En 2015, la France a dû faire face à de nouvelles menaces, et l'armée de terre, à de nouvelles missions en matière de protection du territoire national et de sa population. Les enjeux sont nombreux, mais les hommes et les femmes que je commande ont toute ma confiance. Je voudrais partager avec vous le message de rentrée que je leur délivre. Au-delà de la mise en place du nouveau modèle d'armées, j'ai mis en avant trois étendards pour l'année 2016. Le premier est celui de la remontée en puissance de la FOT, qui exige de combiner tous les moyens, tous les leviers et toutes les bonnes volontés – jusqu'à celles des élus. Au lieu d'évoquer les seuils critiques, je présente cette remontée en puissance comme une opportunité et une chance, un amplificateur de dynamisme et d'optimisme pour l'armée de terre. Je suis prêt à mettre l'organique « dans le rouge » pour permettre à l'opérationnel d'être « dans le vert » rapidement.
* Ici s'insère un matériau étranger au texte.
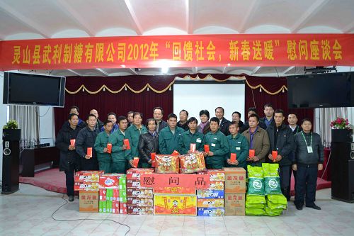 1月5日,集團監事會主席、副總裁蒙子函,武利公司總經理滕家偉帶領武利公司慰問組到欽州市靈山縣武利、伯勞、文利等鄉鎮蔗區開展“回饋社會,新春送曖”迎新春送溫暖活動,對武利公司的困難職工及當地五保戶、孤寡老人、孤兒、困難蔗農等進行親切慰問。

Le deuxième étendard – que l'armée de terre était seule à vouloir porter – est celui de la contribution à la cohésion nationale, au travers du SMV et de la montée en puissance du service militaire adapté (SMA) de 6 000 hommes. Enfin, le troisième étendard concerne l'esprit de résistance. Cette femme qui, la première des sentinelles, a résisté à son agresseur à Villejuif, ces trois hommes qui se sont dressés contre le terroriste dans le Thalys – j'aurais été fier qu'ils fussent des soldats français, mais le hasard en décida autrement – montrent que le mal qui nous guette renvoie à l'affrontement entre deux volontés, réclamant bien plus que la simple vigilance. Nous sommes bien dans une guerre. L'armée de terre – qui agit depuis 2008 en Afghanistan, depuis 2012 au Mali, où elle a interdit à la barbarie d'atteindre la capitale, et maintenant dans le cadre de Sentinelle – incarne parfaitement cet esprit de résistance et en porte l'étendard dans notre pays.